Melalui perjanjian Painan, pada tahun 1662 VOC mendapat konsesi untuk berdagang di
pantai barat Sumatra. VOC mulai mengeksploitasi kandungan emas Salida pada tahun
1669 semasa jabatan commandeur VOC ketiga untuk pos Padang; Jacob Joriszoon Pit
(1667-23 Mei 1678). Dua ahli tambang pertama yang didatangkan ke Salida bernama
Nicolaas Frederich Fisher dan Johan de Graf yang berasal dari Hongaria.

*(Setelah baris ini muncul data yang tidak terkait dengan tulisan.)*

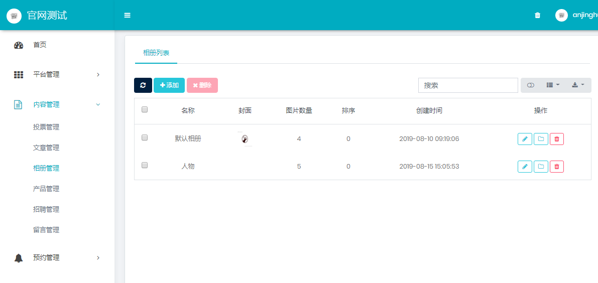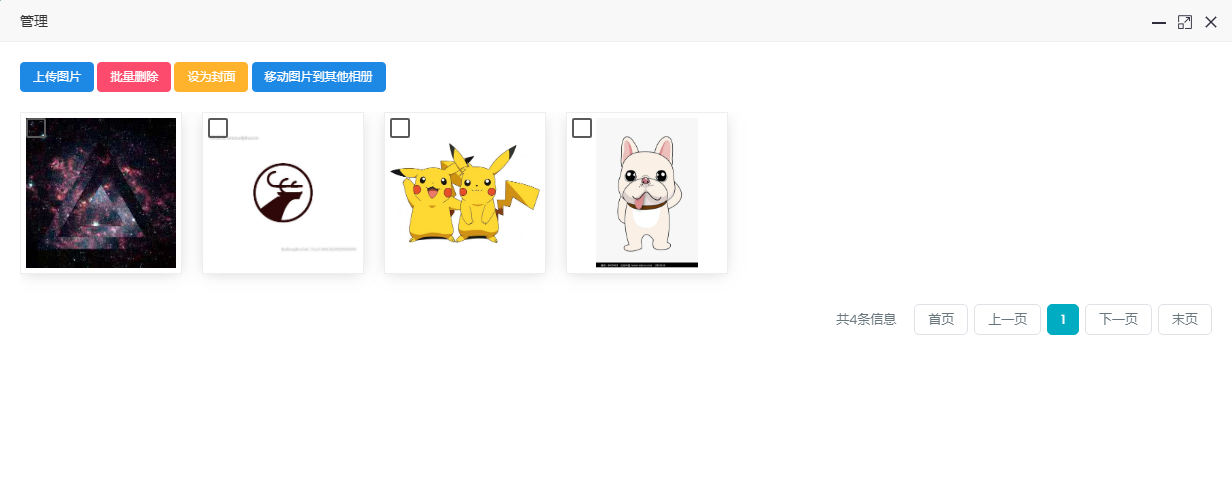 3.2、相册管理  相册管理 可以创建、编辑、管理、删除相册,相册的主要作用在于方便商品图片的管理。 相册列表可查看已创建的相册名称、封面、图片数量、添加时间等,还可对相册进行改名、删除等操作。  点击管理可以在在此相册上传图片,批量删除,设置封面,移动图片到其它相册等功能。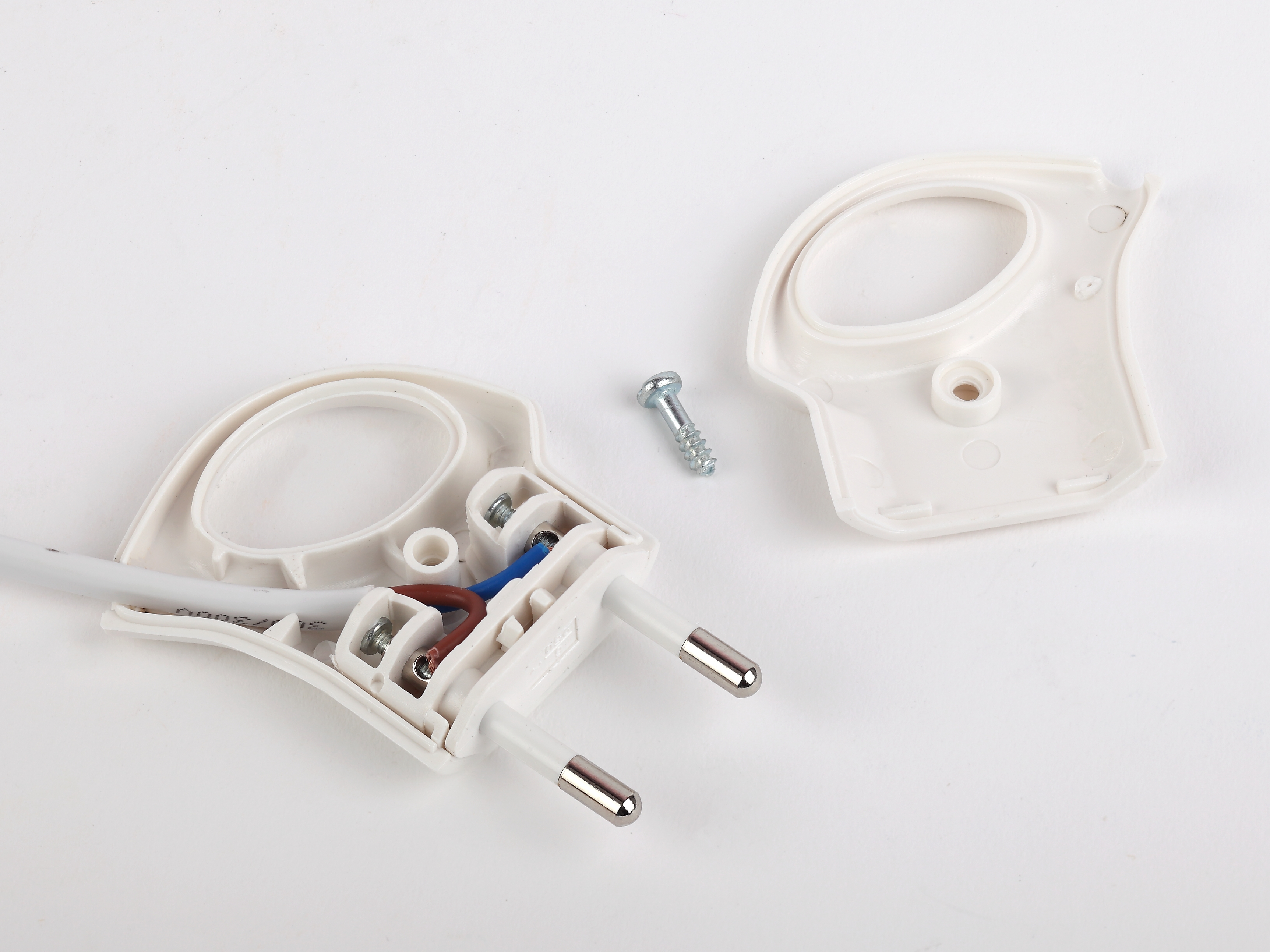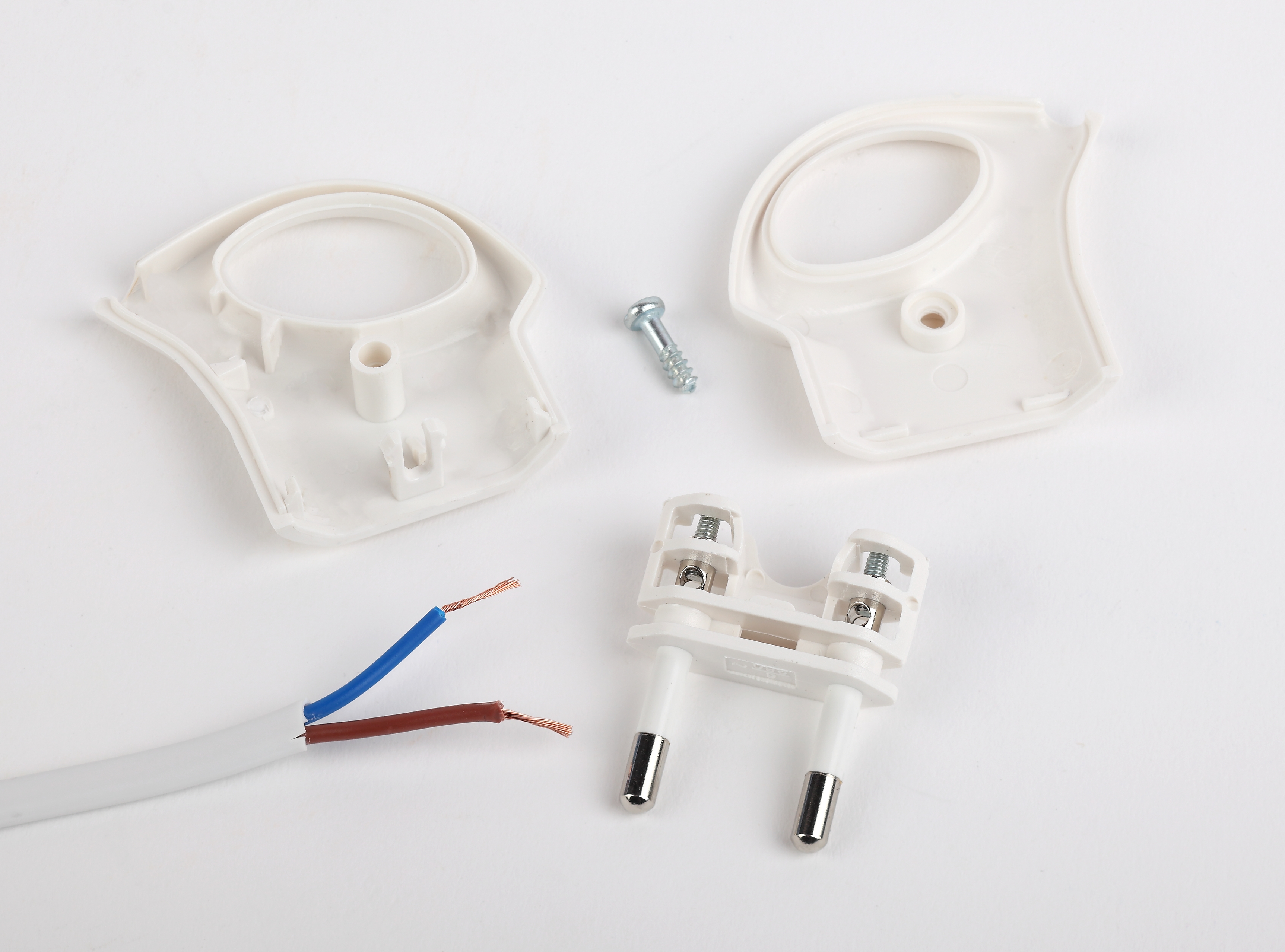Вилка имеет разборную конструкцию. Служит для соединения с питающим проводом. Позволит легко и быстро заменить штепсельную вилку, вышедшую из строя. Изделие применяется для подсоединения бытовой техники к электрической сети.

Selama 150 tahun beroperasinya Tambang Salida tidak banyak yang diketahui orang
mengenai tambang itu sampai kemudian Verbeek menerbitkan bukunya, Nota over de
verrichtingen der Oost-Indische Compagnie bij de ontginning der goud- en zilveraders

te Salida op Sumatras Westkust [Catatan tentang tindakan VOC mulai menggarap


sumber emas dan perak di Salida, Sumatra Barat] (1886).
Tambang Lebong
Perusahaan tambang Belanda, baik milik pemerintah maupun swasta baru mulai
melakukan kegiatan penambangan di Bengkulu setelah ditemukannya formasi Lebong
pada tahun 1890. Penambangan emas yang tertua diantaranya dilakukan oleh
perusahaan Mijnbouw Maatschappij Redjang Lebong dan Mijnbouw Maatschappij
Simau berada di Lebong, Bengkulu. Kedua perusahaan itu merupakan penyumbang
terbesar ekspor emas perak Hindia Belanda. Misalnya, pada tahun 1919 perusahaan
Mijnbouw Maatschappij Redjang Lebong menghasilkan 659 kg/emas dan 3.859
kg/perak, dan perusahaan Mijnbouw Maatschappij Simau menghasilkan 1.111 kg/emas
dan 8.836 kg/perak. Setidaknya dua perusahaan ini berhasil meraup 130 ton emas
selama berproduksi kurang dari setengah abad (1896-1941)
Jejak-jejak sisa penambangan yang dilakukan Belanda di Bengkulu masih dapat
ditemui di Ulu Ketenong, Tambang Sawah, Lebong Donok, Lebong Simpang, Lebong
Tandai.
Tambang Singkawang
Kota Singkawang yang penduduknya mayoritas keturunan Cina, leluhurnya adalah
pekerja tambang emas imigran dari Cina. Kota Singkawang dulunya merupakan sebuah
desa bagian dari wilayah kerajaan Sambas, Desa Singkawang sebagai tempat singgah
para pedagang dan penambang emas dari Monterado. Sejarah kedatangan orangorang Cina berawal dari potensi daerah-daerah di wilayah Kerajaan Sambas yang
banyak mengandung emas. Sejak Kesultanan Sambas, tambang emas ini merupakan
sumber penghasilan kesultanan. Pada 1760 Sultan Umar Akamudin II mendatangkan
orang-orang sebagai pekerja tambang di daerah Sambas, Bengkayang, dan Montrado
untuk meningkatkan hasil pertambangan emas. Kebijakan Sultan Sambas ini, di
samping telah meningkatkan hasil emas bagi Kesultanan Sambas, juga menyebabkan
gelombang masuknya ribuan imigran ke daerah itu. Para imigran ini mendirikan kongsikongsi pekerja tambang, semacam koloni Cina yang mengatur pemerintahan dan
perdagangan.
Tambang Cikotok
Cikotok telah ditemukan sejak tahun 1839 yang kemudian dieksploitasi mulai tahun
1936 oleh perusahaan Belanda N.V. Mijnbauw Maatschapij Zuid Bantam (MMZB). Pada
1939 hingga tahun 1942 terpaksa terhenti akibat terjadinya Perang Dunia II. Selama
pendudukan Jepang 1942 1945, kegiatan tambang dikerjakan oleh perusahaan
Jepang Mitsui Kosha Kabushiki Kaisha tetapi tidak menambang emas melainkan timah
hitam timbal (Pb) di Cirotan untuk keperluan produksi amunisi. Pada masa
pemerintahan Sukarno tahun 1958, tambang emas Cikotok diresmikan dan dikerjakan
oleh NV Tambang Emas Tjikotok (TMT) yang berada di bawah manajemen NV
Perusahaan Pembangunan Pertambangan (P3). Setelah beberapa kali berganti induk
perusahaan, pada tanggal 5 Juli 1968 tambang emas Cikotok dikelola oleh PN Aneka
Tambang (BUMN) yang lalu berubah menjadi PT Aneka Tambang sejak 1974 dan
sekarang kemudian dikenal sebagai PT Antam.